As Nicky walked up the hill and across the Heath, he wondered why it had happened, and why, now that it had happened, he cared so little. He could have understood it if he hadn't cared at all for Desmond. But he had cared in a sort of way. If she had cared at all for him he thought they might have made something of it, something enduring, perhaps, if they had had children of their own.

He still couldn't think why it had happened. But he knew that, even if he had loved Desmond with passion, it wouldn't have been the end of him. The part of him that didn't care, that hadn't cared much when he lost his Moving Fortress, was the part that Desmond never would have cared for.

He didn't know whether it was outside him and beyond him, bigger and stronger than he was, or whether it was deep inside, the most real part of him. Whatever happened or didn't happen it would go on.

How could he have ended here, with poor little Desmond? There was something ahead of him, something that he felt to be tremendous and holy. He had always known it waited for him. He was going out to meet it; and because of it he didn't care.

And after a year of Desmond he was glad to go back to his father's house; even though he knew that the thing that waited for him was not there.

Frances and Anthony were happy again. After all, Heaven had manipulated their happiness with exquisite art and wisdom, letting Michael and Nicholas go from them for a little while that they might have them again more completely, and teaching them the art and wisdom that would keep them.

Some day the children would marry; even Nicky might marry again. They would prepare now, by small daily self-denials, for the big renunciation that must come.

Yet in secret they thought that Michael would never marry; that Nicky, made prudent by disaster, wasn't really likely to marry again.

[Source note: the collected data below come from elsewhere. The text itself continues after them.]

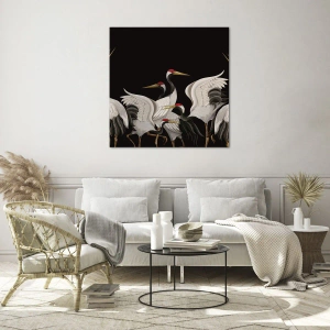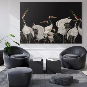 Tento motív silne odkazuje na estetiku Ďalekého východu, kde sú žeriavy symbolom dlhovekosti, šťastia a dôstojnosti. Ich umiestnenie na tmavom pozadí ďalej zdôrazňuje kontrast medzi svetlom a tieňom, čím prináša prvok dramatickosti a umeleckej hĺbky. Obraz je ideálny do klasických aj moderných priestorov, kde sa hľadá silný, no zároveň rafinovaný akcent.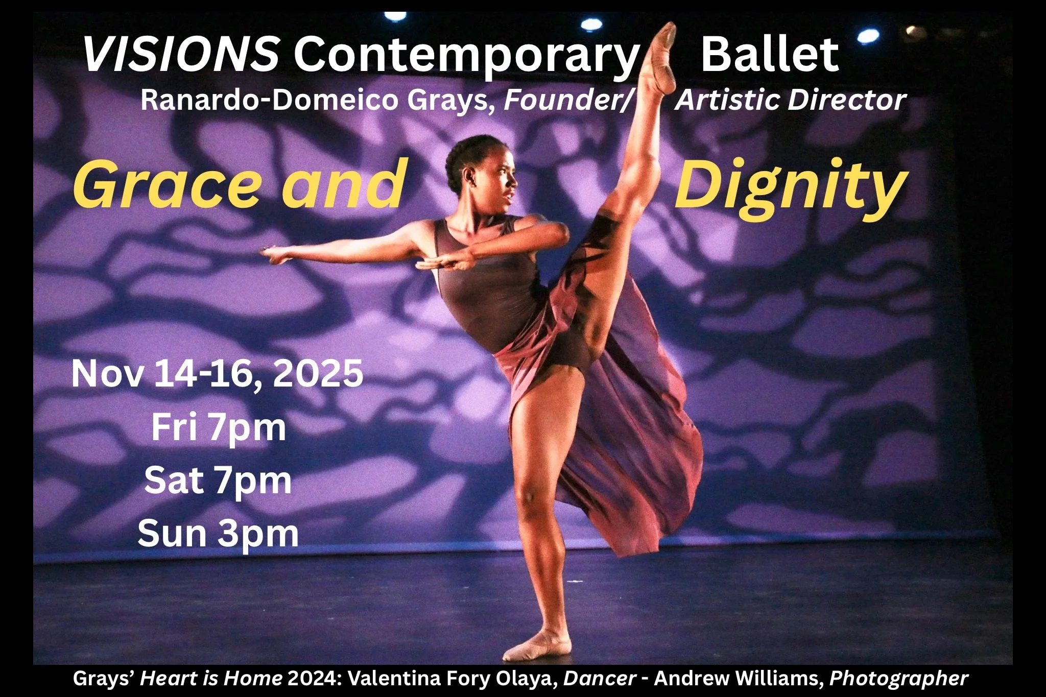 VISIONS Contemporary Ballet, a Harlem-based ethnically diverse company that celebrates contemporary dance rooted in the Black experience, returns to The Riverside Theater on November 14-16, 2025, presenting Grace and Dignity, uplifting thought-provoking ballets with the theme of honor and respect, choreographed by Ranardo-Domeico Grays, featuring the premiere of Freedom, which explores ideas of peace, unity and joy.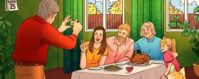 Nākamajā attēlā redzam ģimeni, kas nofotografēta pie Pateicības dienas galda. Par to, ka ģimene svin Pateicības dienu, liecina uz galda novietotais tradicionālais Pateicības dienas tītars.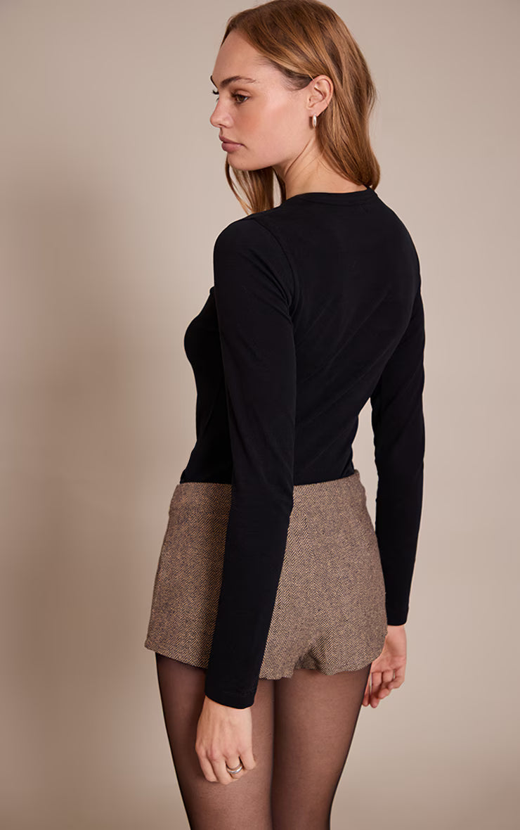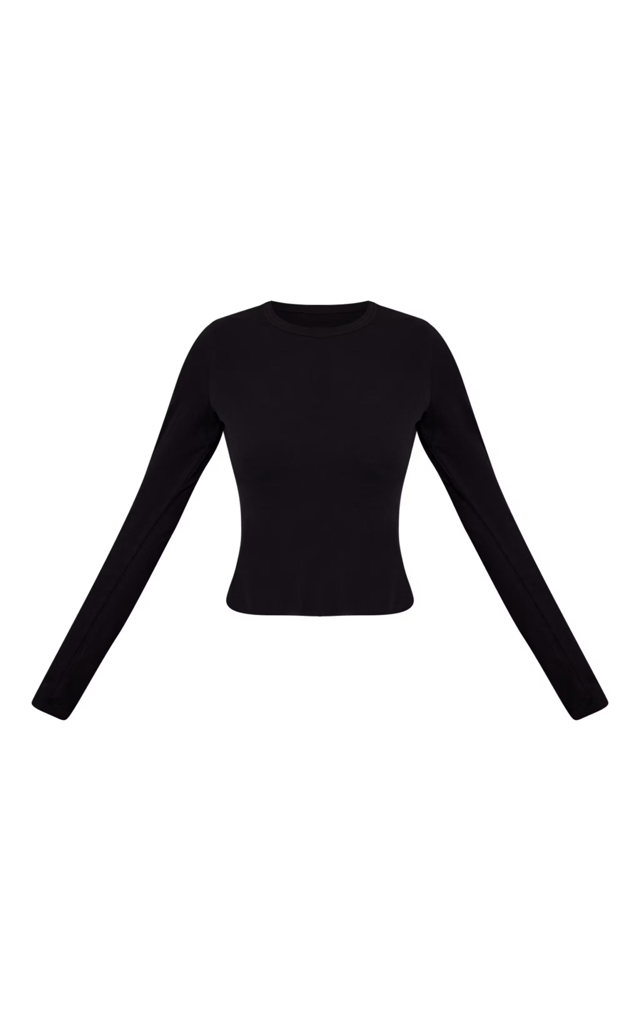 Craft a confident canvas for any ensemble with the black soft cotton crew neck longline long sleeve top. This essential piece features a classic crew neckline and full-length sleeves, designed with a longline cut that offers a streamlined profile, perfect for effortless layering or a standalone statement. Team yours with high-waisted tailored pants for a sharp day edit, or elevate the look with a leather mini skirt and striking gold heels for after-dark plans, finishing the ensemble with statement hoops for a knowing touch that defines your presence.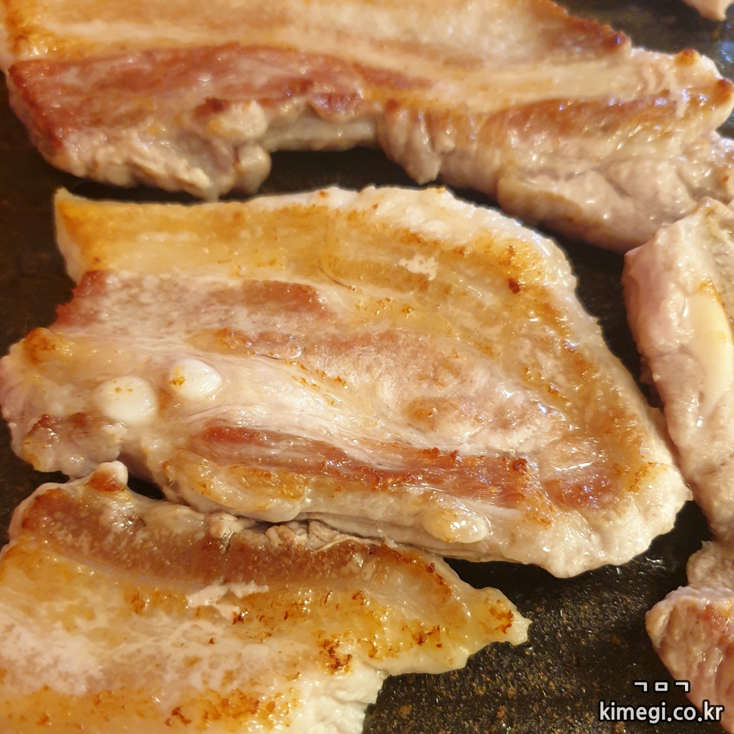 삼겹살은 겉은 바삭 속은 부드럽게 익혀줘야 합니다.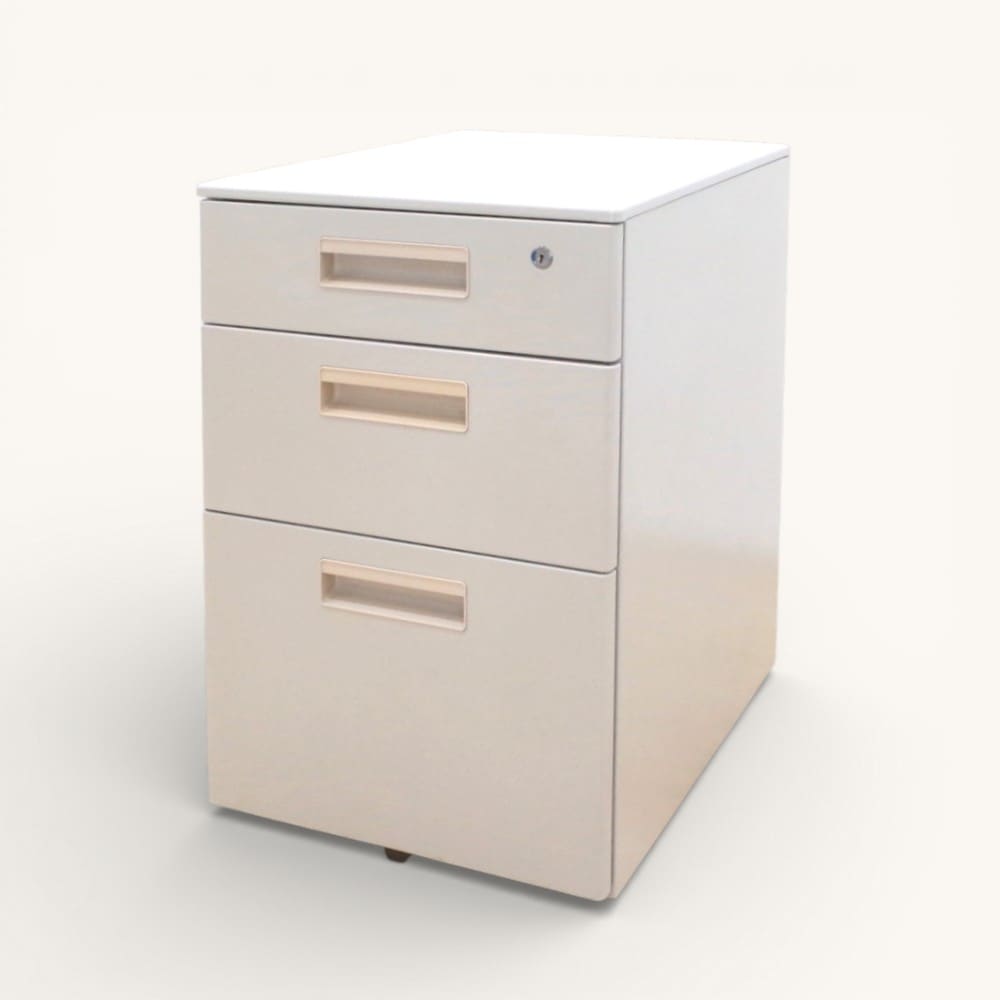 - SOLD OUT 【中古】オカムラ 3段デスクワゴン プロユニット DNC1CX Z975 ホワイト サイドキャビネット キャスター 鍵有り 袖机 中古オフィス家具 KK20809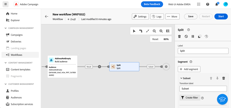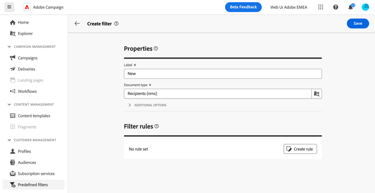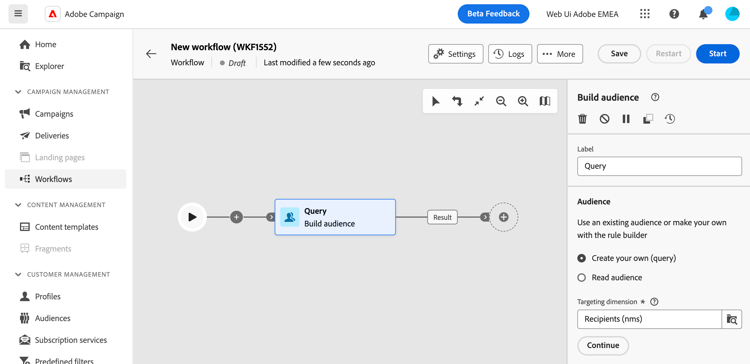 Adobe Campaign Web user interface features a query modeler that simplifies the process of filtering the database based on various criteria. It ensures full compatibility with the queries created in the client console, facilitating a seamless transition to the web user interface.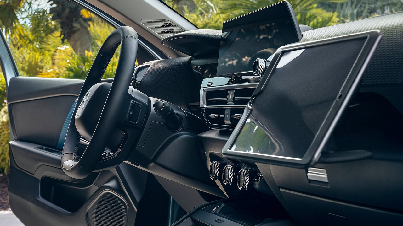 Το νέο Citroen C4 συνεχίζει την υπαρξιακή του… φιλοσοφία και στο εσωτερικό, καθώς οι χωροταξικές λύσεις και η εκμετάλλευση χώρων παραπέμπει σε πολυμορφικό (χωρίς το αυτοκίνητο να ανήκει στην συγκεκριμένη κατηγορία). Εξάλλου, η Citroen έχει μεγάλη παράδοση σε αυτό τον τομέα. Ενδεικτικά οι Γάλλοι κάνουν λόγο για θήκες συνολικής χωρητικότητας 39 λίτρων. Μάλιστα στην μεριά του συνοδηγού υπάρχει συρτάρι και θέση για στήριξη τάμπλετ, ενώ στην κεντρική κονσόλα η θήκη είναι τεράστια. Το μεγάλο άνοιγμα θυρών εξασφαλίζει εύκολη είσοδο/έξοδο, ενώ ο χώρος αποσκευών είναι στα 380 λίτρα (νούμερο που φτάνει στα 1.250 λίτρα με την αναδίπλωση της πίσω σειράς καθισμάτων). Τα υλικά στην πλειοψηφία τους είναι ποιοτικά, με καλό φινίρισμα και με καλή αίσθηση κατά την αφή ακόμη και στα πιο χαμηλά σημεία. Όπως σε κάθε σύγχρονο αυτοκίνητο έτσι και εδώ οι οθόνες έχουν πάρει τα ηνία στο ταμπλό και στον πίνακα οργάνων. Επιλογή που σύμφωνα με την Citroen έχει γίνει συνειδητά για λόγους ασφάλειας, προκειμένου να μην αποσπάτε η προσοχή του οδηγού. Η βασική οθόνη όμως στο κέντρο του ταμπλό, είναι 10 ιντσών και… παίρνει εκδίκηση, καθώς είναι υπερπλήρης πληροφοριών και με εξαιρετική ανάλυση.

John would marry; and they would be happy in John's happiness and in John's children.

And Nicky had not been home before he offered to his parents the spectacle of an outrageous gaiety. You would have said that life to Nicholas was an amusing game where you might win or lose, but either way it didn't matter. It was a rag, a sell. Even the preceedings, the involved and ridiculous proceedings of his divorce, amused him.

It was undeniably funny that he should be supposed to have deserted Desmond.

Frances wondered, again, whether Nicky really had any feelings, and whether things really made any impression on him.